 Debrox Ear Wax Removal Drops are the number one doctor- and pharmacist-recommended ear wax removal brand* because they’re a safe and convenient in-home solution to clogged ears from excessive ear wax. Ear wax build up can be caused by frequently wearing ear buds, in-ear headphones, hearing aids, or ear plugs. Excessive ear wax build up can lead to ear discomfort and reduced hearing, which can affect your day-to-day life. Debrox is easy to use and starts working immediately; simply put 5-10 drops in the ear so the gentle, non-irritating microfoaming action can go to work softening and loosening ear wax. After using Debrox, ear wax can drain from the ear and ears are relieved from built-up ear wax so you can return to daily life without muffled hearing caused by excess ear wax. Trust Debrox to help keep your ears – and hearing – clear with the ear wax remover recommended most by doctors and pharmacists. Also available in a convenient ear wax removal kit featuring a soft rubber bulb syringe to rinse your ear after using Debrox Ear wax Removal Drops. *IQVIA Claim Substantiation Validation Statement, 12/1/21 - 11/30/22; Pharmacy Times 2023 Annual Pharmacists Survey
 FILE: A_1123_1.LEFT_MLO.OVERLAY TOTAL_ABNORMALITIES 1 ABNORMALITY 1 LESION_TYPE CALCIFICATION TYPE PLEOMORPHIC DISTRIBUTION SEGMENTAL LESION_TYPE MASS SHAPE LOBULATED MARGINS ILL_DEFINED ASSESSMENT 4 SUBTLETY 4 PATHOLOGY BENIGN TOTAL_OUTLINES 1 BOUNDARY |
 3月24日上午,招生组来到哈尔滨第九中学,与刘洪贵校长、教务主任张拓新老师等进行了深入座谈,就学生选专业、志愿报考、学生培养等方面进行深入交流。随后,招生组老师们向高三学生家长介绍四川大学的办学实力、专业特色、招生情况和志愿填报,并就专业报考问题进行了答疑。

What you need to do - Keep every word the same. Retype all the material.

Exercise answer -
 Debrox Ear Wax Removal Drops are the number one doctor- and pharmacist-recommended ear wax removal brand* because they’re a safe and convenient in-home solution to clogged ears from excessive ear wax. Ear wax build up can be caused by frequently wearing ear buds, in-ear headphones, hearing aids, or ear plugs. Excessive ear wax build up can lead to ear discomfort and reduced hearing, which can affect your day-to-day life. Debrox is easy to use and starts working immediately; simply put 5-10 drops in the ear so the gentle, non-irritating microfoaming action can go to work softening and loosening ear wax. After using Debrox, ear wax can drain from the ear and ears are relieved from built-up ear wax so you can return to daily life without muffled hearing caused by excess ear wax. Trust Debrox to help keep your ears – and hearing – clear with the ear wax remover recommended most by doctors and pharmacists. Also available in a convenient ear wax removal kit featuring a soft rubber bulb syringe to rinse your ear after using Debrox Ear wax Removal Drops. *IQVIA Claim Substantiation Validation Statement, 12/1/21 - 11/30/22; Pharmacy Times 2023 Annual Pharmacists Survey
 FILE: A_1123_1.LEFT_MLO.OVERLAY TOTAL_ABNORMALITIES 1 ABNORMALITY 1 LESION_TYPE CALCIFICATION TYPE PLEOMORPHIC DISTRIBUTION SEGMENTAL LESION_TYPE MASS SHAPE LOBULATED MARGINS ILL_DEFINED ASSESSMENT 4 SUBTLETY 4 PATHOLOGY BENIGN TOTAL_OUTLINES 1 BOUNDARY |
 3月24日上午,招生组来到哈尔滨第九中学,与刘洪贵校长、教务主任张拓新老师等进行了深入座谈,就学生选专业、志愿报考、学生培养等方面进行深入交流。随后,招生组老师们向高三学生家长介绍四川大学的办学实力、专业特色、招生情况和志愿填报,并就专业报考问题进行了答疑。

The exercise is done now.